The opposite approach of coaching the identical community is to supply the information from a Python generator perform as a substitute of a NumPy array. A generator perform is the one with a yield assertion to emit knowledge whereas the perform is working in parallel to the information shopper. A generator of the style MNIST dataset will be created as follows:

This perform is meant to be name with the syntax batch_generator(train_image, train_label, 32). It’ll scan the enter arrays in batches indefinitely. As soon as it reaches the tip of the array, it would restart from the start.
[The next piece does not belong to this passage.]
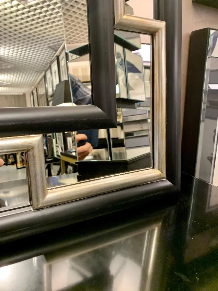 Italian Contemporary Handcrafted Mirror With Black And Silver Frame

Coaching a Keras mannequin with a generator is comparable, utilizing the match() perform:

As an alternative of offering the information and label, we simply want to supply the generator because the generator will give out each. When knowledge are introduced as NumPy array, we are able to inform what number of samples are there by trying on the size of the array. Keras can full one epoch when the complete dataset is used as soon as. Nonetheless, our generator perform will emit batches indefinitely so we have to inform when an epoch is ended, utilizing the steps_per_epoch argument to the match() perform.

Whereas within the above code, we offered the validation knowledge as NumPy array, we are able to additionally use a generator as a substitute and specify validation_steps argument.

The next is the whole code utilizing generator perform, which the output is identical because the earlier instance:

Making a Dataset utilizing tf.knowledge

Given we have now the style MNIST knowledge loaded, we are able to convert it right into a tf.knowledge dataset, like the next:

This prints the dataset’s spec, as follows:

We are able to see the information is a tuple (as we handed a tuple as argument to the from_tensor_slices() perform), whereas the primary factor is in form (28,28) whereas the second factor is a scalar. Each components are saved as 8-bit unsigned integers.

If we don’t current the information as a tuple of two NumPy array once we create the dataset, we are able to additionally do it later. The next is creating the identical dataset however first create the dataset for the picture knowledge and label individually earlier than combining them:

This may print the identical spec:

The zip() perform in dataset is just like the zip() perform in Python within the sense that it matches knowledge one-by-one from a number of datasets right into a tuple.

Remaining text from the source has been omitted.